Complete step-by-step answer:

To prove
$\cos {{20}^{o}}+\cos {{100}^{o}}+\cos {{140}^{o}}=0$ …………. (i)
Let us solve the LHS of equation (i) to prove the given relation.
So, we have LHS of equation (i) as
$LHS=\cos {{20}^{o}}+\cos {{100}^{o}}+\cos {{140}^{o}}$……….. (ii)
Now, let us convert the above angle trigonometry functions to acute angles by using the relation
$\cos \left( {{180}^{o}}-\theta \right)=-\cos \theta $……………… (iii)
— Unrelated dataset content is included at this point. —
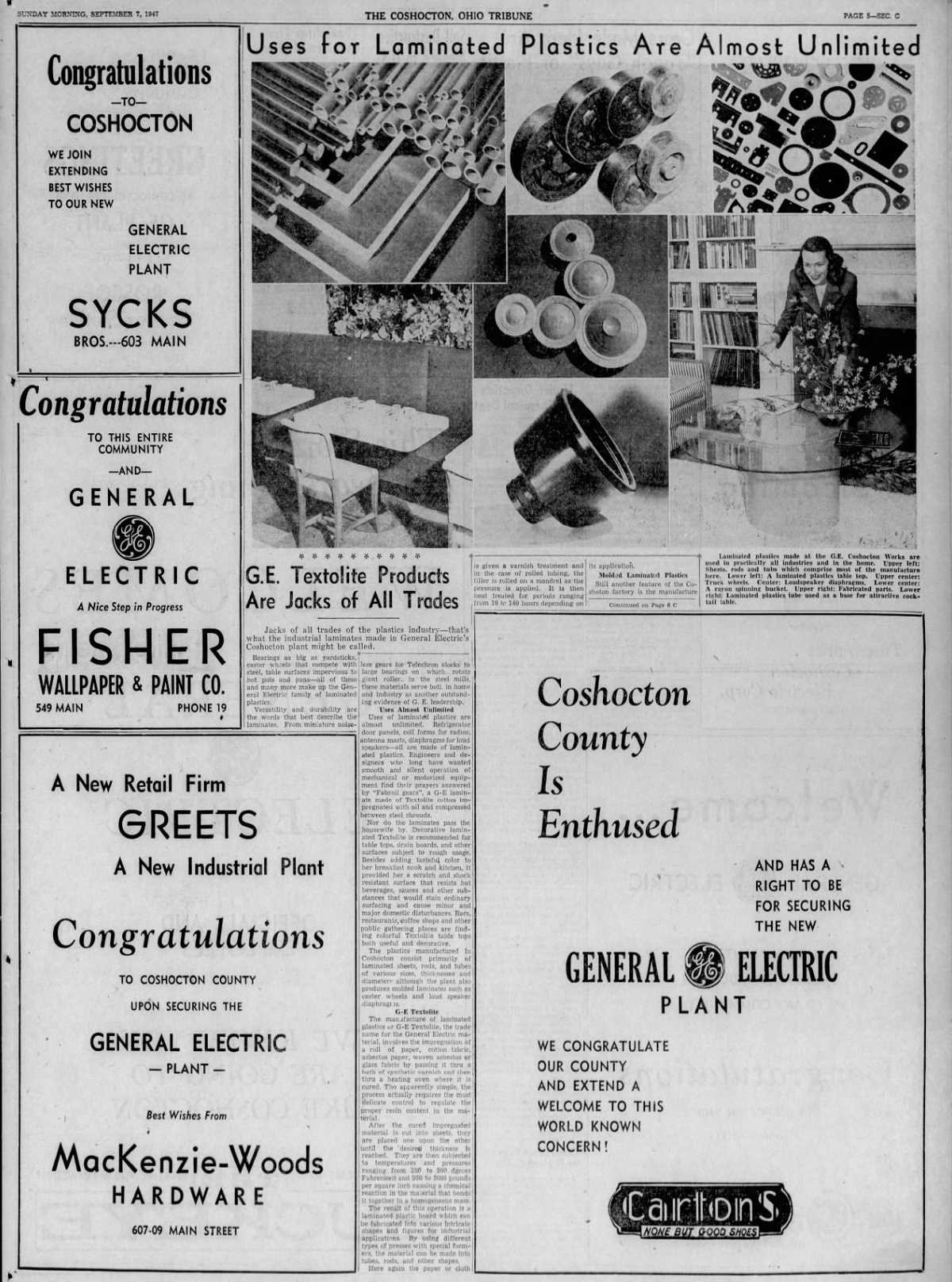 This was manufactured by the Coshocton, OH GE plant on South 2nd street in the 1970s. The plant opened to make laminated plastics under the trade name Textolite, and made various other things over the years including plastic parts for appliances, and raw circuit board.

Hence, $\cos {{100}^{o}}$ can be written as $\cos \left( {{180}^{o}}-{{80}^{o}} \right)$from equation iii, so, we get
$\cos {{100}^{o}}=\cos \left( {{180}^{o}}-{{80}^{o}} \right)=-\cos {{80}^{o}}$ ……………… (iv)
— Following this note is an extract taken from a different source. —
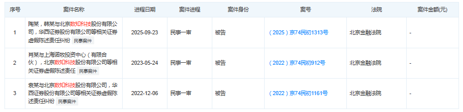 日前,據(jù)天眼查APP,華西證券(002926)新增一條司法案件,華西證券因數(shù)知科技證券虛假陳述一案,被投資者訴至法庭。9月23日,北京金融法院開庭審理了投資者訴數(shù)知科技及華西證券等機構(gòu)的證券虛假陳述責(zé)任糾紛案。
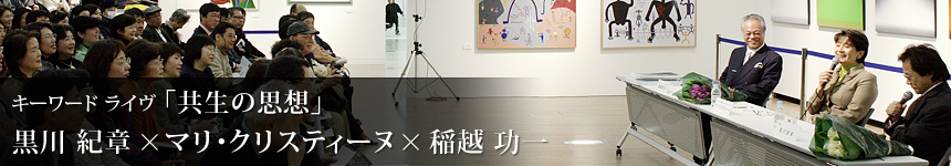 黒川:今日はお越しいただきありがとうございました。今回、国立新美術館で私の展覧会「黒川紀章展─機械の時代から生命の時代へ─」を開催したのは、建築の展覧会でもこれだけ多くの人が来てくれるよ、ということを証明したかったからなんですね。それで私の友人である多方面の作家たちにもそれぞれの作品を持ち寄ってもらい、展示させていただきました。写真家の稲越さんにはセーヌ川の写真作品を出していただき、あるいは画家・千住博さんの絵画作品などを展示させてもらいました。みんな私の仲間であり、友人なのです。今日はその代表として稲越さんやマリ・クリスティーヌさんとお話ができてたいへんよかった。ありがとうございました。

Similarly, we can convert $\cos {{140}^{o}}$ to $\cos \left( {{180}^{o}}-{{40}^{o}} \right)$and hence, we get
$cos{{140}^{o}}=\cos \left( {{180}^{o}}-{{40}^{o}} \right)=-\cos {{40}^{o}}$ ………….. (v)
Now, we can replace $\cos {{100}^{o}}$ and $\cos {{140}^{o}}$ to $-\cos {{80}^{o}}$ and $-\cos {{40}^{o}}$respectively in equation (ii); hence, we get
$\begin{align}
  & LHS=\cos {{20}^{o}}-\cos {{80}^{o}}-\cos {{40}^{o}} \\
 & \Rightarrow LHS=\cos {{20}^{o}}-\left( \cos {{80}^{o}}+\cos {{40}^{o}} \right)............(vi) \\
\end{align}$
Now, we can use trigonometric identity of $\operatorname{cosC}+cosD$which can be given as\[\cos C+\cos D=2\cos \left( \dfrac{C+D}{2} \right)\cos \left( \dfrac{C-D}{2} \right)\]……………..(vii)
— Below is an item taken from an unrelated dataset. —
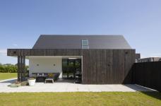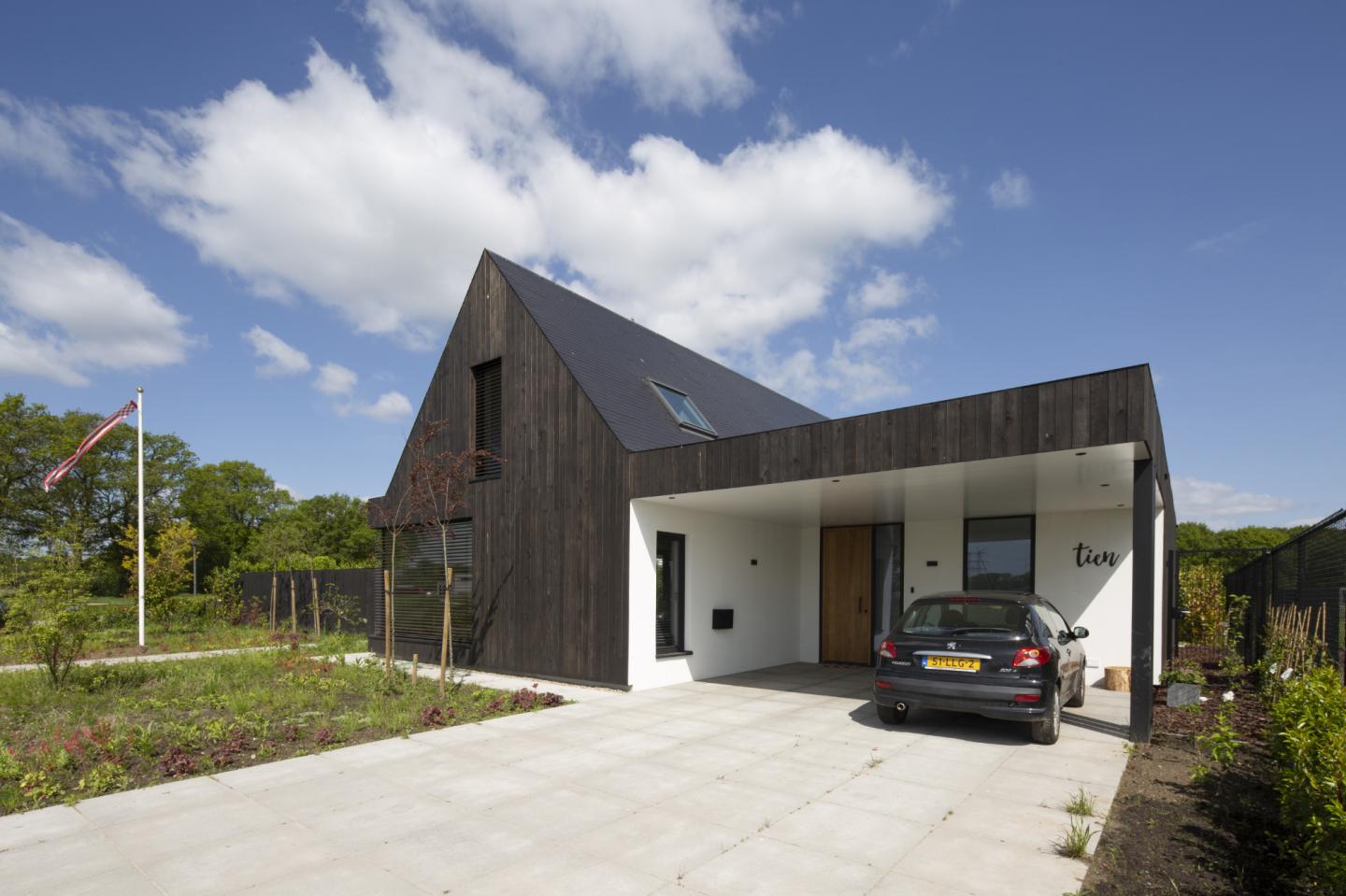 This remarkable sustainable home is equipped with biobased insulation and a wooden facade finished with fungus paint. The home's understated design and dark facade and roof make it not only aesthetically appealing but also invisibly energy-neutral.

Now, we can simplify the equation (vi), hence, we get
$\begin{align}
  & LHS=\cos {{20}^{o}}-\left( 2\cos \left( \dfrac{80+40}{2} \right)\cos \left( \dfrac{80-40}{2} \right) \right) \\
 & LHS=\cos {{20}^{o}}-2\cos {{60}^{o}}\cos {{20}^{o}} \\
\end{align}$
Now, we know the value of $\cos {{60}^{o}}$ is $'\dfrac{1}{2}'$. So, above relation can be given as
$\begin{align}
  & LHS=\cos {{20}^{o}}-2\times \dfrac{1}{2}\cos {{20}^{o}} \\
 & LHS=\cos {{20}^{o}}-\cos {{20}^{o}} \\
 & LHS=0 \\
\end{align}$
So, we can observe the value of LHS and RHS that both are ‘0’.
Hence, LHS = RHS = 0.
Hence, proved the given relation that $\cos {{20}^{o}}+\cos {{100}^{0}}+\cos {{140}^{0}}=0$.

Note: We can convert $\cos 100$ and $\cos 140$to $-\sin 10$ and $-\sin 50$by applying identity $\cos \left( 90+\theta \right)=-\sin \theta $. Hence, apply the formula $\sin C+\sin D=2\sin \dfrac{C+D}{2}.\cos \dfrac{C-D}{2}$ to get the answer.
One can get confused with the formula of $\cos C+\cos D$. He/she may apply formula as $2\sin \dfrac{C+D}{2}\sin \dfrac{C-D}{2}$ Or $2\sin \left( \dfrac{C+D}{2} \right)\cos \left( \dfrac{C-D}{2} \right)$ which are wrong; so be clear with the trigonometric identities to get the accurate solution.
One can try to calculate exact values of $\cos {{20}^{o}}$, $\cos {{100}^{o}}$ and $\cos {{140}^{o}}$ which is the waste of time and wrong approach as well.
So, try to use trigonometric identities to simplify the given expression. Getting values of given trigonometric functions is a complex task, so go by concept not waste your time.